---- INPUT DATA
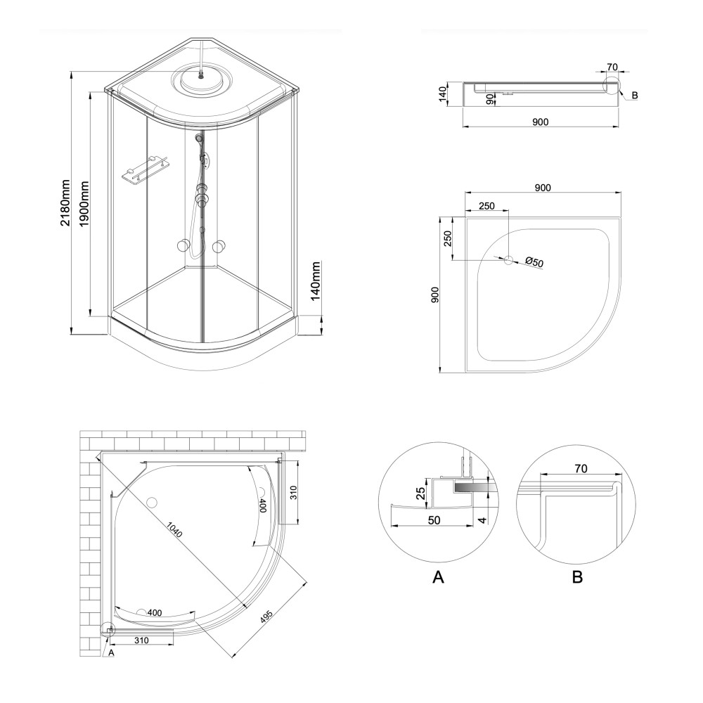 Габаритні розміри виробу (ШхГхВ), мм: 900х900х2130; 900х900х140
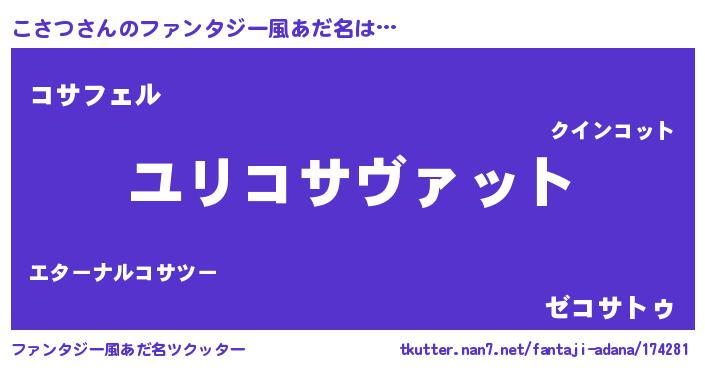| 意味不明あだ名 | 『めかぶ科こさつ属』『ペロリンこさつ』 |
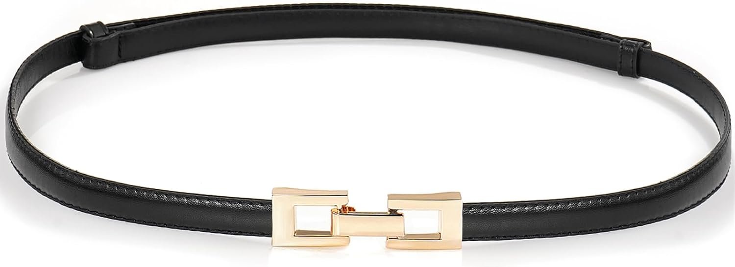 Glamorstar Skinny Belts for Women Thin PU Leather Waist Belt with Gold Buckle for Dresses
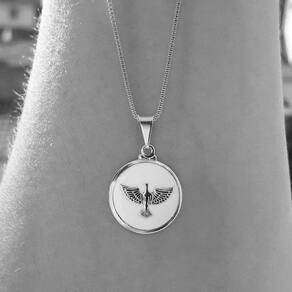 MODELO: Colar feminino do Divino Espírito Santo banhado com 100 milésimos de prata 925.
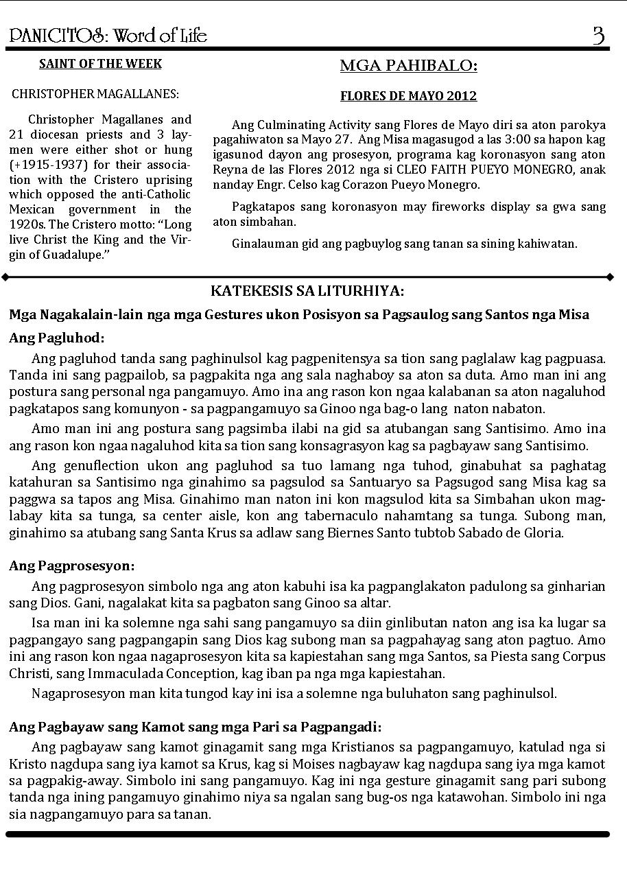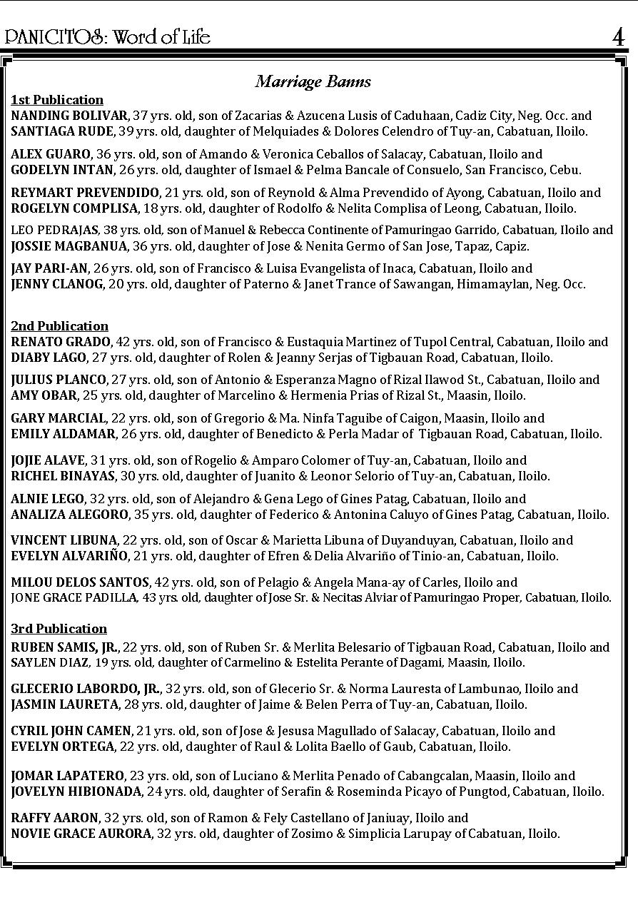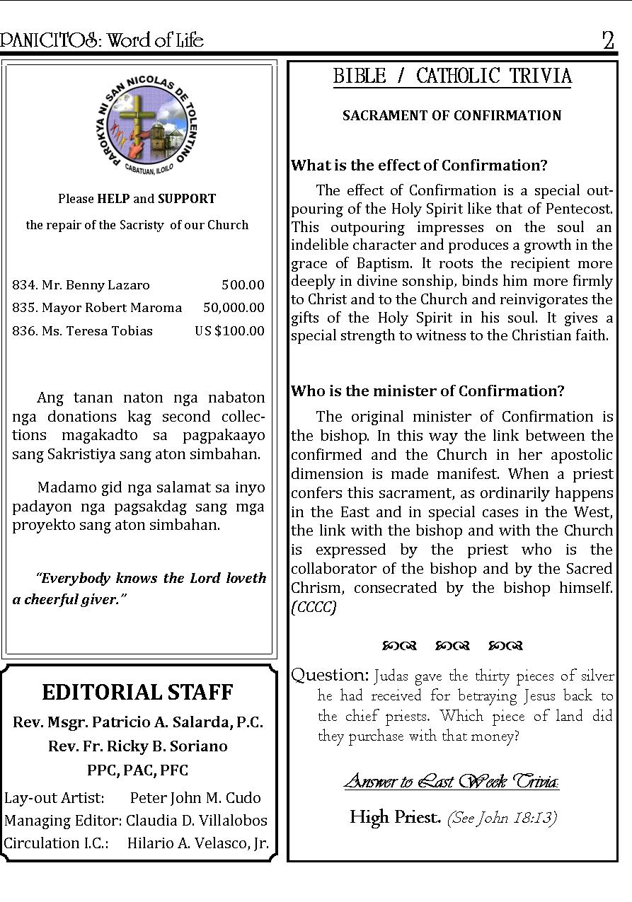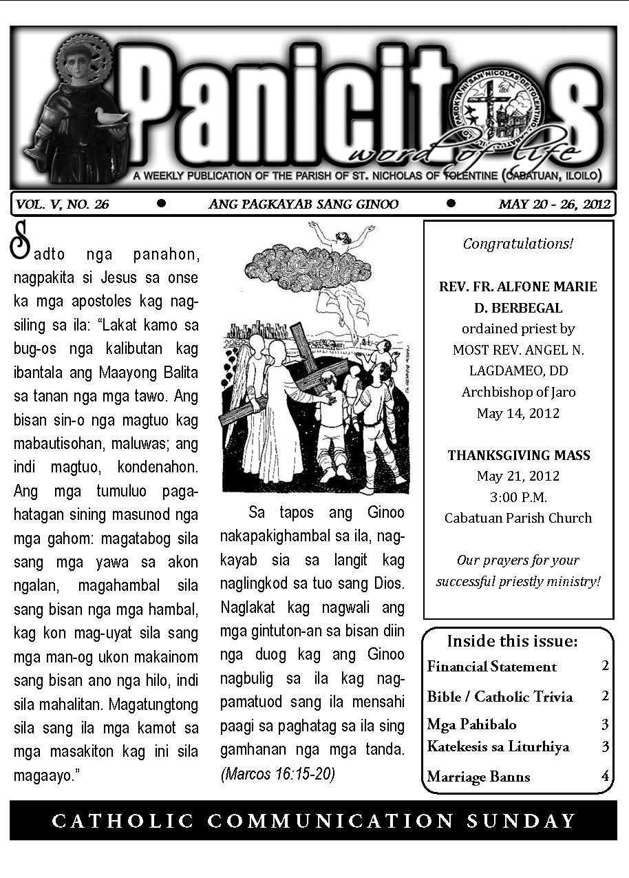 A Weekly Publication of the Parish of San Nicolas de Tolentino, Cabatuan, Iloilo
--------
→ WHAT TO WORK ON:
All of the data is to be transcribed exactly, with images omitted.

→ ANSWER TO THE EXERCISE:
 Габаритні розміри виробу (ШхГхВ), мм: 900х900х2130; 900х900х140
| 意味不明あだ名 | 『めかぶ科こさつ属』『ペロリンこさつ』 |
 Glamorstar Skinny Belts for Women Thin PU Leather Waist Belt with Gold Buckle for Dresses
 MODELO: Colar feminino do Divino Espírito Santo banhado com 100 milésimos de prata 925.
 A Weekly Publication of the Parish of San Nicolas de Tolentino, Cabatuan, Iloilo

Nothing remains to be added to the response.